DE: Simon! This is not moving on!
Simon: Sure it is.
San Marino
Ooo, a song called ’11:11’… that’s a palindrome. I have high hopes for this one, let’s listen… It’s alright, I suppose. I would have preferred the words to be sung in English and the numbers 1111 to be sung, or maybe ’12:33:21’ or even ’12:34:44:43:21’, but I guess not everyone has my passion for such numbers. :(
DE: That was better. Weird, but inoffensive.
Simon: See? I am nice.
Serbia
I’m kinda out of ideas now I’ve banned Romania from further comments… I guess cheer up, Serbia?
DE: Wow. THAT was nice. Kind.
Simon: Yes, here’s a joke to lighten the mood even further: Why was the plant killer holy?
DE: Because plants are evil?
Simon: That works too, but MY punchline is ‘It was de-vine’.
DE: Awesome. And just like that, all Serbians are fine.
Simon: Woo!
Slovenia
I’m sorry, I’m going to have to talk about Romania again. Song title ‘Raiven’ means ‘The Raven’ in Romania. See, that’s the kind of thing I wanted all along, logic.
DE: There are no words, Simon. Not anymore.
Spain
I don’t have to talk about Romania all the time, I can talk about Spain. So, their song title ‘Nebulossa’ is Spanish for ‘Nebula’ and the band name ‘Zorra’ means… Oh no. Let’s not keep talking about Spain.
DE: What’s it mean?
Simon: More filth for Eurovision, basically.
DE: Oh.
Simon: Yeah, a million miles away from ‘The Mark of Zorro’, that film was fun!
DE: What a difference a change of letter can make…
Simon: Couldn’t agree more.
Sweden
A song that goes ‘she is unforgettable.’ Is the song unforgettable? I would say no. But as the singers never say the song is unforgettable, they’re completely in the clear.
Switzerland
I had to Google what ammonites were after hearing them mentioned in this song. They’re extinct molluscs! Even after finding out, the songwriter’s thinking will have to remain a mystery to me at least. Out of curiosity, I Googled ‘extreme mental illness shown in music’ and Swiss artist ‘Nemo’ came up right at the top of the page.
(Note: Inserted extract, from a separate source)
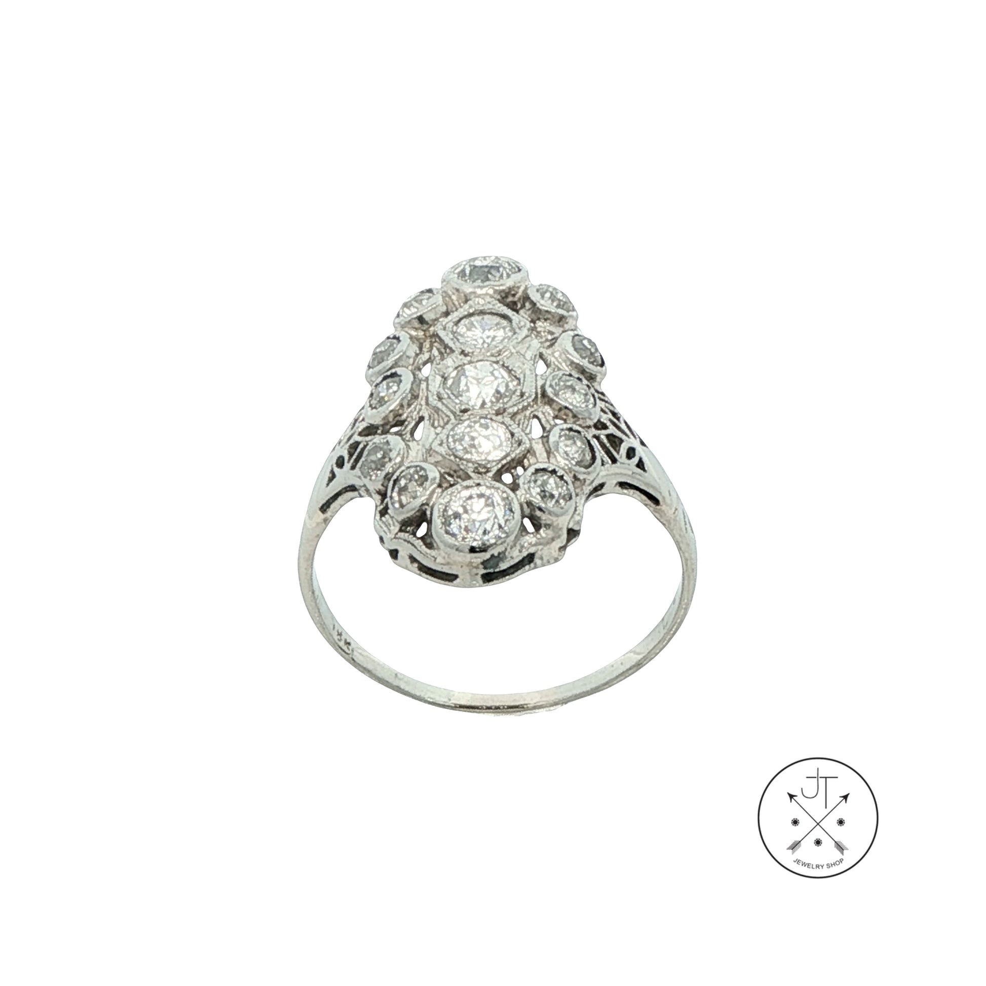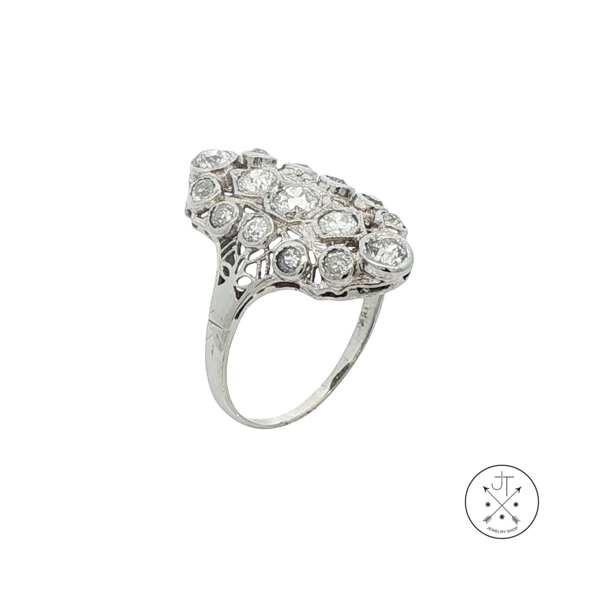 Gorgeous mid-century solid 18k White Gold ring with 15 beautiful old-cut natural Diamonds averaging approximately H-color and SI1-clarity. Stamped '18kt', this wonderful size 7.5 vintage ring is in very good condition for its age and weighs approximately 3.58 grams. The elongated top of the ring is approximately 22.5 mm, over a thin band that tapers to under 1.3 mm at the bottom. This vintage ring was inspired by antique filigree-styled designs, with a lower profile that is easier to wear and more Gold weight for strength.

Only joking, Lady Gaga was at the top of the page. Poor Lady Gaga, I guess. But after the contest, Nemo will surely take the lead as he really does have a crazy song.
Ukraine
A second singer literally came out of nowhere and the performance was live! A perfectly reasonable song, but the spectacle? First rate.
United Kingdom
Not a bad song from Olly Alexander, but I much prefer his Communion album. Why not just perform a track from that? Because it’s not new? Well, why not play the song in a different key? That way, all the notes would be different! A completely different song! :D
Simon: Right, podcast/blog over! I guess I should say thanks to Charlie Baldwin here for making a great appearance!
DE: Thanks. You were good, too. Just lay off the Romanians a bit, that’s all…
Simon: Sorry Romania…
DE: Are you going to say sorry to Dan for annoying him and wasting his time?
Simon: Oh, I never say sorry to Dan.
DE: And on that positive note, bye?
Simon: You know me too well, egg. Bye!!!!